この、何も存在しないような部屋でコーラを開けることの意味についてを考える。レモンの香りも辺りに散らばった。全方位戦略を、そこに、意味もわからないままに感じとる。テスラって一体何だったのかと。脱炭素、環境保護とは?そして、そこで、電車の走り去った先には何があるのだろうと思った。子供の頃、いつも、それを見て、思っていたように。自転車で隣町に行くということすらもそれはかなり大きな冒険だったのだ。僕の中でニューヨークのビルを見上げた時のようだった。それはとてつもない高さだったと思う。街は絶壁の下のようにも思えた。アメリカという巨大なシステムが作り上げた、建造物、そして、横にはタクシーが走った。不思議な煙の上がる、街角の側溝、地下鉄からだったのかもしれない。通りで振り返った、僕は日本にいたというわけだけれど。結局何も、AIに聞いても確かなものは得られなかったと肩を落とすように。学者のような気にさせられ、でもそうではなく、賢者のように思わされたが、よく聞くと愚者だった。
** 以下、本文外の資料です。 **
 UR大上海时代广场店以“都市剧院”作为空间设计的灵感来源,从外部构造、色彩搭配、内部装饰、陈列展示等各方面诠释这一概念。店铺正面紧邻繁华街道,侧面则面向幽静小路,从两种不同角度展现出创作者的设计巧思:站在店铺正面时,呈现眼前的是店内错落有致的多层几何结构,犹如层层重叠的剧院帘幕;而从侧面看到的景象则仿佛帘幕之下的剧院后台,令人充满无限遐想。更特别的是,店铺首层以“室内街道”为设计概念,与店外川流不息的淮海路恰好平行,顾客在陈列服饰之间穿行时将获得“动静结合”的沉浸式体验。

そのことを理解しては、ケンタッキーがなんとなく、食いたかった。あまり、体に良い食い物ではない気がしたけれども。鳥自体は健康に良い脂肪ではある。似たようにもも肉を焼いても得られない何かを夢見た。その製法は唐揚げでも得られない不思議なテイストを獲得していたのだ。あれは、一体何なのだろう。それは、坂を越えた街にあったのかもしれない。中には、忘れかけていた揚げ物の姿。クリスマスには、誰もが食いたくなることだろう。それは自分の持つ欲望を満たすのだ。でも、欲望それ自体の消費として。街は、今日も暮れたのかもしれない。二羽の鳥が連れだって飛んでいた、川。どこからやってきて、どこに行くのか。それは、今日もいたのだけれど。
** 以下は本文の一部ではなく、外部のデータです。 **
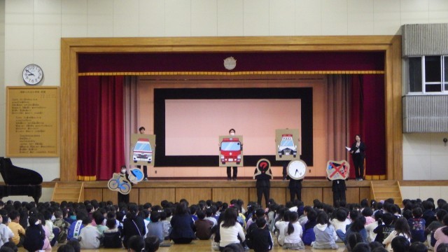 終業式の後には、生活指導の先生から冬休みの生活についてのお話がありました。「3つの車に気を付けよう」というテーマで、救急車・消防車・パトカーの絵を用いて、次の点が伝えられました。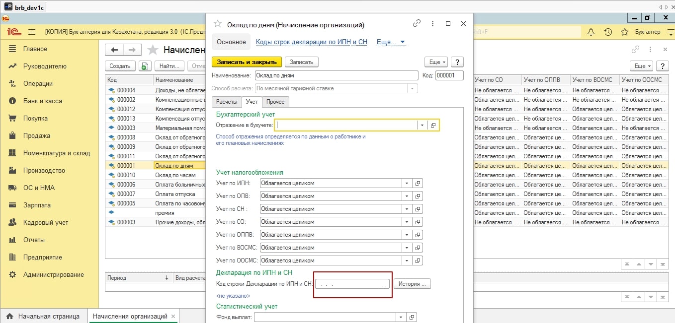 Для того, чтобы данные по начислениям попадали в 200 форму, в каждом из этих видов начислений, на вкладке учет, необходимо проставить в строке «Отражение в декларации», строку из классификатора 200 формы. Не забываем установить период, тот, за который мы хотим видеть данные в 200 формы, обновлять настройки строк необходимо каждый год. Так как формы налоговой отчетности меняются, классификаторы обновляются, строки тоже меняются, если будет установлена не актуальная строка для сбора данных, 200 форма к сожалению, не заполниться.

そして、アパートの前の自転車が傾いていたのを直した。あまり冬は乗っていなかった。木の葉が、カゴに少し積もった。たぶん、僕のここで生きた意味なのかもしれない。そうではないとしたら、なんだろう、嗜みなのか。ただ、心を満たしただけの。きっと、90年代のようなカオスな時代はもう来ない。そう思いながらエレキギターの曲を聴いた。正しいことは否定されてきた、誰が何を言っても。あの頃はそんな時代でもあった気がする。どこかに行こう、きっとそこには求めていたものがあると信じているから。